TORONTO (miningweekly.com) – The CEO of South African miner Sibanye Gold has complained that despite his company’s many positive credentials, it was “really disappointing” that its JSE- and NYSE-listed stocks were trading significantly lower than its contemporaries active elsewhere in the world.
Neal Froneman said he was concerned that investors were not seeing South Africa as the investor-friendly destination government made it out to be and that many were frightened off by the country’s reputation for complex labour relations, as well as disruptive and potentially deadly strike action.
“There is a perception that the labour market is inefficient and not as much in favour of investors as it is to the workers,” he commented during a panel discussion with the South African Department of Mineral Resources (DMR), hosted by professional services firm Fasken Martineau, during the Prospectors and Developers Association of Canada’s yearly convention.
Fasken Martineau partner Nicole Jackson pointed out that many industry players did not know the rules of the game, especially when it came to the Mineral and Petroleum Resources Development Act (MPRDA), the Mining Charter and the broad-based black economic-empowerment (BBBEE) compliance scorecards.
For a miner to be able to extract minerals in South Africa, one of the requirements was to have a 26% BBBEE partner in the company structure. When the first BBBEE deals were struck, many were done on a free-carried basis or on very soft commercial terms, prompting several BBBEE partners to sell their stakes for significant profits.
However, this then meant several mining firms were noncompliant with the Mining Charter, requiring the company to conduct dilutive ‘top-up’ deals to maintain the required level of black-held equity stakes.
The South African Chamber of Mines, which represented miners such as Sibanye and AngloGold Ashanti, had filed a lawsuit against the DMR over whether companies could claim to have met black-ownership requirements, even after beneficiaries had sold their stakes in assets.
Jackson said the case was due to be heard later this month, noting that government had indicated its intention to negotiate a settlement outside of court. A separate application was filed arguing that the Mining Charter, which listed the criteria that companies needed to fulfil to obtain mineral rights, should be declared unconstitutional.
“The top priority for South Africa is to confirm regulatory certainty,” she stressed.
Deputy Mineral Resources Minister Godfrey Oliphant responded by emphasising the importance of ongoing transformation in South Africa’s mining industry.
According to him, the MPRDA had been one of the most solid pieces of legislation in South Africa, ever. In his recent State of the Nation Address, President Jacob Zuma urged that the long-delayed revised MPRDA to be expedited. Oliphant estimated that the new MPRDA would be complete in the second quarter.

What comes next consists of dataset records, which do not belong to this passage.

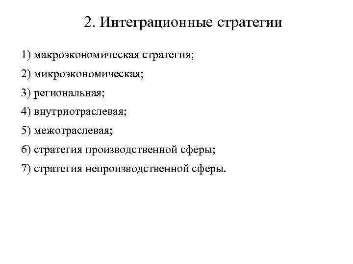 2. Интеграционные стратегии 1) макроэкономическая стратегия; 2) микроэкономическая; 3) региональная; 4) внутриотраслевая; 5) межотраслевая; 6) стратегия производственной сферы; 7) стратегия непроизводственной сферы.
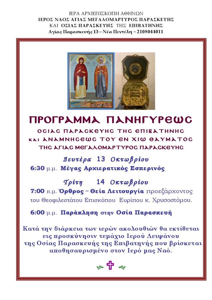 Την ανάμνηση του εν Χίω θαύματος της Αγίας Οσιομάρτυρος Παρασκευής αλλά και την Οσία Παρασκευή την Επιβατινή εορτάζει η Εκκλησία μας στις 14 Οκτωβρίου 2025. Με την αφορμή αυτή ο Ιερός Ναός Αγίας Παρασκευής Επιβατινής Νέας Πεντέλης εξέδωσε το κάτωθι πρόγραμμα της πανηγύρεως:
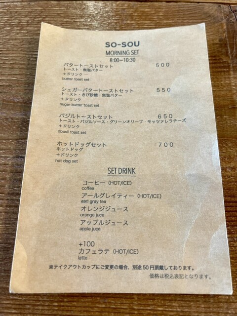 本日はバジルトーストな気分だったのでモーニングメニューの中からバジルを。
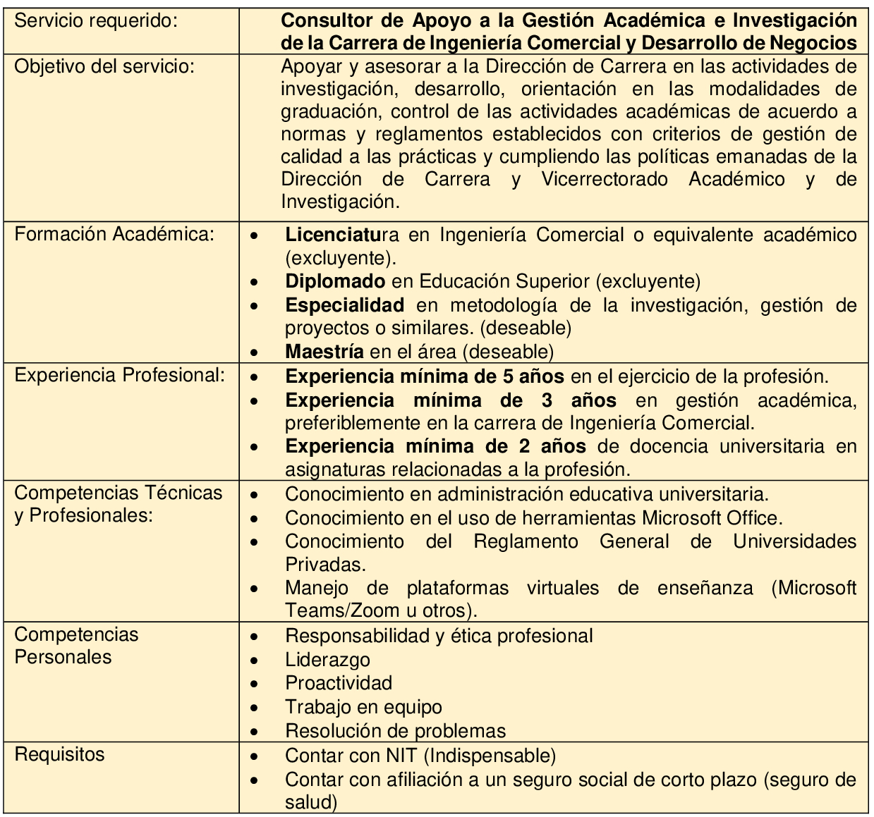 Consultor de Apoyo a la Gestión Académica e Investigación de la Carrera de Ingeniería Comercial y Desarrollo de Negocios
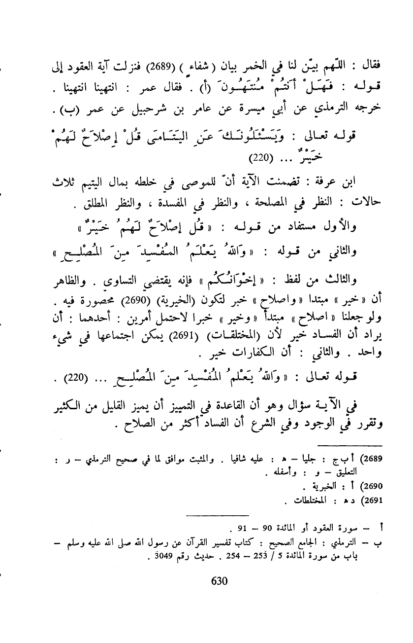 فقال: اللهم بيّن لنا في الخمر بيان (شفاءٍ) فنزلت آية العقود إلى قوله: فَهَلْ أَنْتُمْ مُّنتَهُونَ. فقال عمر: انتهينا انتهينا. خرجه الترمذي عن أبي ميسرة عن عامر بن شرحبيل عن عمر (ب) .

Oliphant noted that government preferred to talk about the Mining Charter, rather than defending it in court. However, he reminded the panel that nowhere in South African legislation was there a provision for the concept of ‘once empowered, always empowered’.
“I don’t think we’ll lose this case,” Oliphant said.
High Commissioner of South Africa in Canada Membathisi Mdladlana also weighed in on the discussion, asking why investors were seemingly so scared of working with South Africa’s labour unions, when a country such as Canada was home to much stronger trade unions.
He conceded that it was currently very “rocky” among the South African trade unions, as the two main mining unions – the National Union of Mineworkers and the Association of Mineworkers and Construction Union – were embroiled in a bitter and industry-damaging turf war, prompting many other groups to also splinter off.
Froneman advised that a critical step to restore stability to the labour unions would be to encourage the use of secret ballots when members voted on union matters. This would make it increasingly difficult for union leaders to abuse workers by driving their "secret agendas".
He advised that there was the perception that South Africa's mining industry was a ‘sunset industry’. “But if you look at what Sibanye has achieved, it demonstrates just how much opportunity there is in the country.”
Oliphant said there was no “foreign investment strike” in mining in South Africa, noting that two billion-dollar platinum projects were currently being financed for development in the country.
Sibanye had, to date, produced 1.6-million ounces of gold from its operations in South Africa, and recently moved into the platinum space. With 65 000 employees, Sibanye was the single-largest employer in the country, outside of government. Despite operational challenges, the company maintained one of the lowest-cost portfolios in the sector, maintaining the highest dividend yield globally at 4.2%.